Do Profits Drive Innovation and Cost-Savings in Health Care?

Monica Sanchez's picture

CAF STAFF

We hear a lot about how people want choice and giving them those choices will drive competition.

“Competition” is really code for the profit motive, and free-market believers want to convince us that greater competition between for-profit companies will improve our health care system. The facts just don’t bear that blind faith out. The reality is that while profit and competition are not the root of all evil, they are also not the solution to every problem.

In 1992, the Cato institute, a conservative think tank and free-market devotee, made the following claim:

“One reason why our health care system has evolved to its current condition is a series of legislative steps in the post World War II period designed to remove the profit motive from virtually every aspect of medicine. Doctors are trained in nonprofit medical schools. Until recently most hospitals were nonprofit, and the health insurance industry was dominated by nonprofit entities (mainly Blue Cross/Blue Shield) as well… In those areas in which the profit motive is still the major driving force (for example, the manufacturer of medical equipment and pharmaceuticals) innovation and change are rampant. But in the area of solving patient problems, cost-reducing innovations have been few and far between.” [Emphasis added.]

So what has happened? The health insurance care industry is now mostly for-profit and health care costs have never been higher.

In fact, the very industries that Cato lauded for their profit-driven innovation have been found to be driving health care costs in the United States through the proverbial roof. According to a new report from the Center for Studying Health System Change (HSC) titled “High and Rising Health Care Costs: Demystifying Health Care Spending,” the cause of long-term health care inflation is advancing medical technologies.

Maggie Mahar of the Century Foundation explains the results in this way:

“Paul Ginsburg, the report’s author, bases his study on an in-depth review of an ‘extensive literature that examines which drivers are most important in explaining increases in health spending over time.’ The conclusions ‘have been very consistent,’ he observes. ‘Technological change (which in the world of medicine includes innovations in equipment, devices, drugs, tests, and surgical procedures) is the most important factor.’

“But one thinks of ongoing technological advances as one of the great virtues of U.S. healthcare: how can we regret the high cost of that technology?

“The answer: some of the treatments are valuable, some are not. As Ginsburg notes, ‘Advancing technology may have a particularly large impact on spending in the United States because of few requirements that effectiveness be demonstrated before technologies are used broadly.’

“Moreover, much of our technology is overpriced. The U.S. pays significantly more than other nations for precisely the same products and services. Finally, and most importantly, we often use the technology on a broad swathe of patients when only a few, who fit a very specific profile, actually benefit from it.

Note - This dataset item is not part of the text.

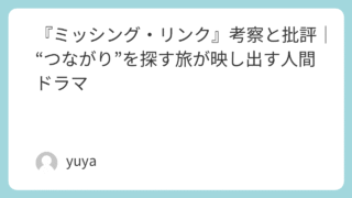 『ミッシング・リンク』考察と批評|“つながり”を探す旅が映し出す人間ドラマ 2019年に公開されたストップモーションアニメーション映画『ミッシング・リンク』は、『コララインとボタンの魔女』や『KUBO/クボ 二本の弦の秘密』などで知られるライカスタジオによる意欲作です。本作はアカデミー賞長編アニメ映画賞にノミネート... 2025.09.24 Uncategorized

“But the technology itself is not the only problem; low productivity also contributes mightily to runaway health care inflation. In other industries, technology has boosted productivity. Not so in healthcare, Ginsburg explains, in large part because ‘healthcare delivers these new technologies relatively inefficiently.’ For example, the report notes that ‘too many small facilities’ that invest in bleeding edge technologies run ‘well below capacity.’

The problem is this: rather than collaborating to share new technology, hospitals and outpatient centers all invest in the same equipment as they vie for well-insured patients. As a result, ‘costs in outpatient settings are higher’ than they need be, and higher than in many hospitals ‘because of subscale operation of facilities.’ Ginsburg explains: “In contrast to a hospital where CT equipment is being used for 20–30 scans per day, freestanding outpatient facilities,’ which charge ‘very high prices’ and enjoy ‘lower overhead’ can ‘earn a profit at 4–8 scans per day.’” [Emphasis added.]

In other words, competition and the profit-motive are driving the United States healthcare system into the poor house!

Even, Mark V. Pauly, Ph.D., a proponent of free-market competition in health care, admitted there are limits to what competition can accomplish at the FTC/DOJ Hearings on Health Care Competition Law and Policy. He said “competition alone can never get all or even most of the uninsured insured; stop the real growth in medical care spending; lead to optimal rates of product innovation; or maximize quality or minimize errors.”

Watch this film, which makes a compelling case that profits do more harm than good to our health care system at all levels.

It’s time we looked in a new direction for the solution to these thorny problems! What we need is:

  • A public alternative to insurance company coverage that is accountable to us.
  • Fair regulation and oversight of insurance companies, with government as a watchdog.